Every facet of an animal’s behavior tells a story. The seahorse courtship dance doesn’t just tell us how these fish form deep, long-term relationships; it is an essential part of their life cycle, and studying it can tell researchers a great deal about what seahorses need for their health and wellbeing. By keeping seahorse dancing grounds preserved, and by helping create new ones, we’ll ensure that these dances at dawn continue for all the mornings to come. 

Written by: Sabrina Mederos (she/her) is a 3rd year Ph.D Candidate in the Animal Behavior program. She is in Dr. Bales’ lab where she studies the neurobiology and epigenetics of pair bond formation and maintenance in seahorses and prairie voles. She currently is interested in the characteristics of pair bonding and what underlying mechanisms are associated with it. When she’s not in the lab, she loves fostering kittens, archery, and playing video games. 

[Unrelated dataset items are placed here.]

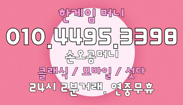 ÇѰÔÀÓ¸Ó´Ï»óÀ̶õ ÇѰÔÀÓ ³»¿¡¼­ »ç¿ëÇÏ´Â °ÔÀӸӴϸ¦ ¾ÈÀüÇÏ°Ô °Å·¡ÇÒ ¼ö ÀÖ´Â ¼­ºñ½ºÀÔ´Ï´Ù. #ÇѰÔÀÓ¸Ó´Ï»ó¾ÈÀü°Å·¡¸¦ º¸ÀåÇÏ´Â ¼Õ¿À°ø¸Ó´Ï(ÀüÈ­¹øÈ£: 010-4495-3398)´Â °í°´´Ô²² ½Å·Ú¹Þ´Â #ÇѰÔÀÓ¸Ó´Ï»óÃßõ ¾÷üÀÔ´Ï´Ù.
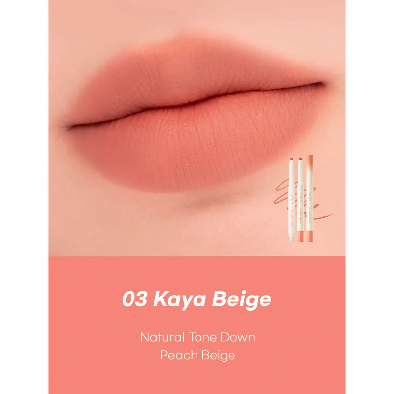 Tono disponible: #03 Kaya Beige. Un nude beige con subtono cálido que se adapta súper bien a tonos de piel latinos o medios. Es sutil pero con carácter: no te borra los labios, sino que los define y equilibra con un look pulido y natural. Ideal para combinar con maquillaje de ojos cargado, o para un look soft y monocromático.
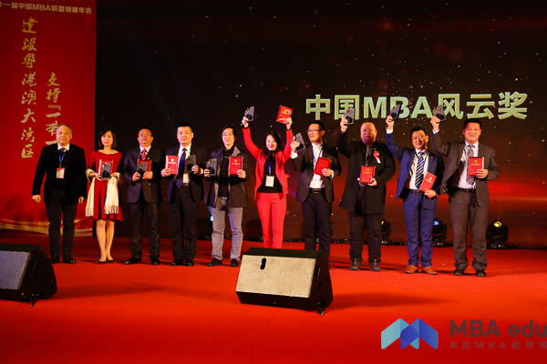 在此次MBA联盟领袖年会的奖项评选中,我院荣获“十佳特色商学院”荣誉称号;王文因对MBA联盟的突出贡献,荣获“中国MBA风云奖”,MBA联合会主席李虎荣获“MBA新锐100奖”。李琪代表学院在颁奖典礼中登台领奖,王文代表顾委会为MBA新锐100获得者颁奖。
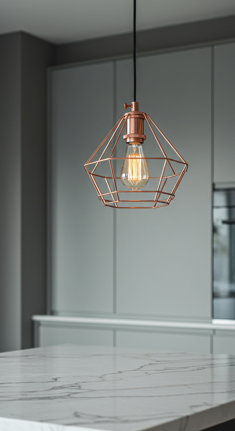 Ces luminaires sont particulièrement efficaces lorsqu’ils sont installés en série de trois au-dessus d’un îlot de cuisine, créant un rythme visuel harmonieux. Dans une salle à manger, une grande suspension géométrique centrée au-dessus de la table devient un point focal architectural. Le reflet chaleureux du cuivre amplifie la lumière dorée de l’ampoule Edison, créant une atmosphère accueillante et sophistiquée qui convient aussi bien aux intérieurs scandinaves qu’industriels.
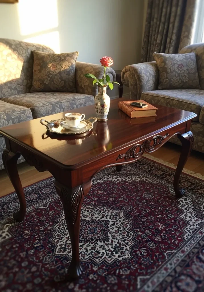 This stunning centerpiece features a deep reddish mahogany finish that gleams under the soft morning light. It boasts incredibly detailed hand-carved patterns along the apron and those iconic ball-and-claw feet that instantly elevate the room’s formal feel. The rectangular surface is polished to a high shine, providing the perfect backdrop for a delicate tea set or a vintage leather-bound book. Set atop a rich burgundy Persian rug and surrounded by plush floral upholstery, this table anchors the space with a sense of history and grandeur.
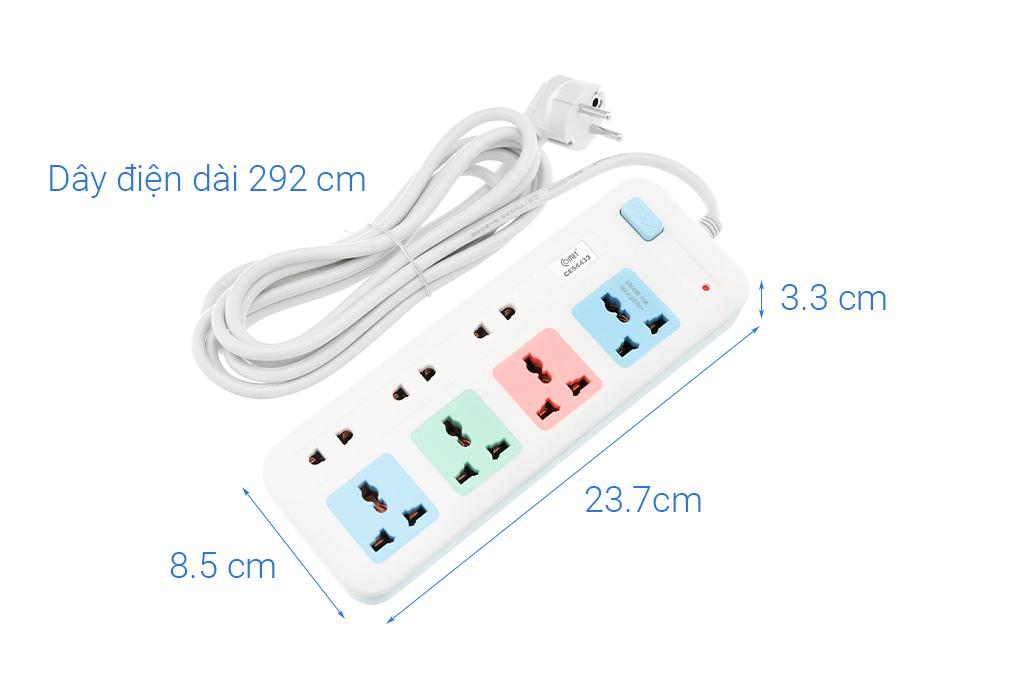 Dây điện có chiều dài thực tế là 2.92m, hãng Comet tính luôn dây đồng đi vào ổ cắm nên tổng chiều dài dây điện là 3m, tiện lợi cho với các ổ cắm điện xa.
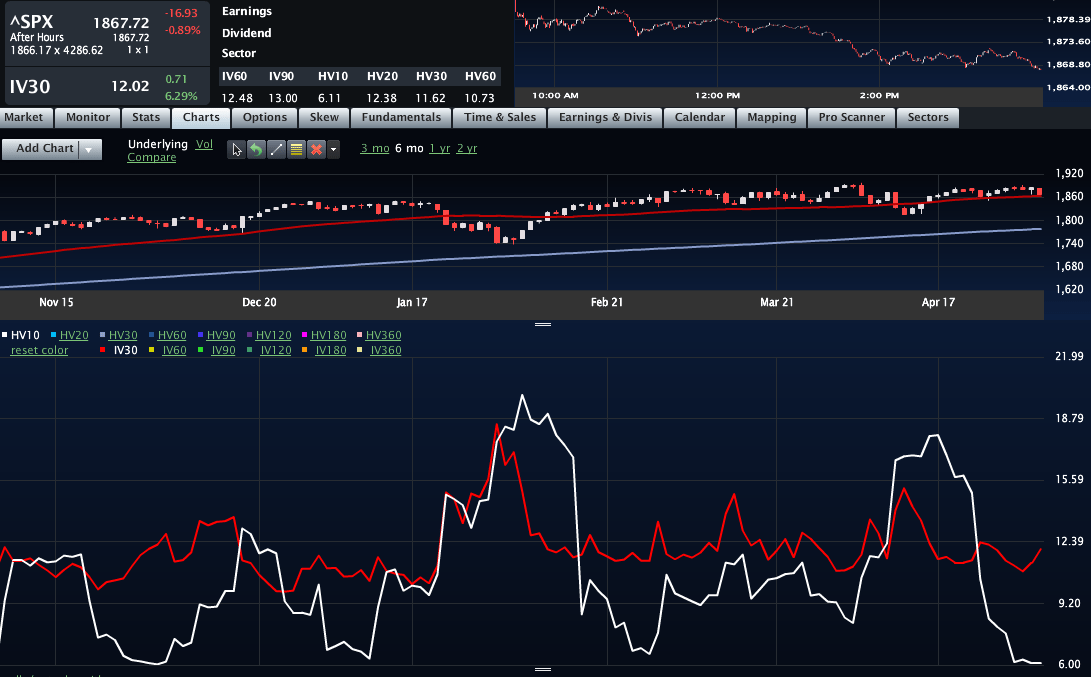 TWTR seemed to drive down most of the social networking stocks and the wave hit banks and other names.? With a near 1% drop in the SPX, the VIX was only up .51 points, which is a little light.? The big reason is that implied volatility has been over priced for a little while.

[1] Vincent, A. C. J. 1995. A role for daily greetings in maintaining seahorse pair bonds. Animal Behaviour 49(1):258–260.

[2] Lin, T., X. Liu, D. Zhang, and S. Li. 2021. Female lined seahorses (Hippocampus erectus) recognize their mates based on olfactory cues. Behavioural Processes 189:104419.

[3] Sogabe, A., and Y. Yanagisawa. 2007. The function of daily greetings in a monogamous pipefish Corythoichthys haematopterus. Journal of Fish Biology 71(2):585–595.

[4] Faleiro, F., L. Narciso, and L. Vicente. 2008. Seahorse behaviour and aquaculture: How to improve Hippocampus guttulatus husbandry and reproduction? Aquaculture 282(1):33–40.

[5] Vincent, A. C. J., K. L. Evans, and A. D. Marsden. 2005. Home range behaviour of the monogamous Australian seahorse, Hippocampus whitei. Environmental Biology of Fishes 72(1):1–12.

[6] Vincent, A. C. J., S. J. Foster, and H. J. Koldewey. 2011. Conservation and management of seahorses and other Syngnathidae. Journal of Fish Biology 78(6):1681–1724.

[7] Foster, S. J., and A. C. J. Vincent. 2004. Life history and ecology of seahorses: implications for conservation and management. Journal of Fish Biology 65(1):1–61.

[8] Faleiro, F., M. Baptista, C. Santos, M. L. Aurélio, M. Pimentel, M. R. Pegado, J. R. Paula, R. Calado, T. Repolho, and R. Rosa. 2015. Seahorses under a changing ocean: the impact of warming and acidification on the behaviour and physiology of a poor-swimming bony-armoured fish. Conservation Physiology 3(1).

[9] Woods, C. M. C. 2000. Preliminary observations on breeding and rearing the seahorse Hippocampus abdominalis (Teleostei: Syngnathidae) in captivity. New Zealand Journal of Marine and Freshwater Research 34(3):475–485.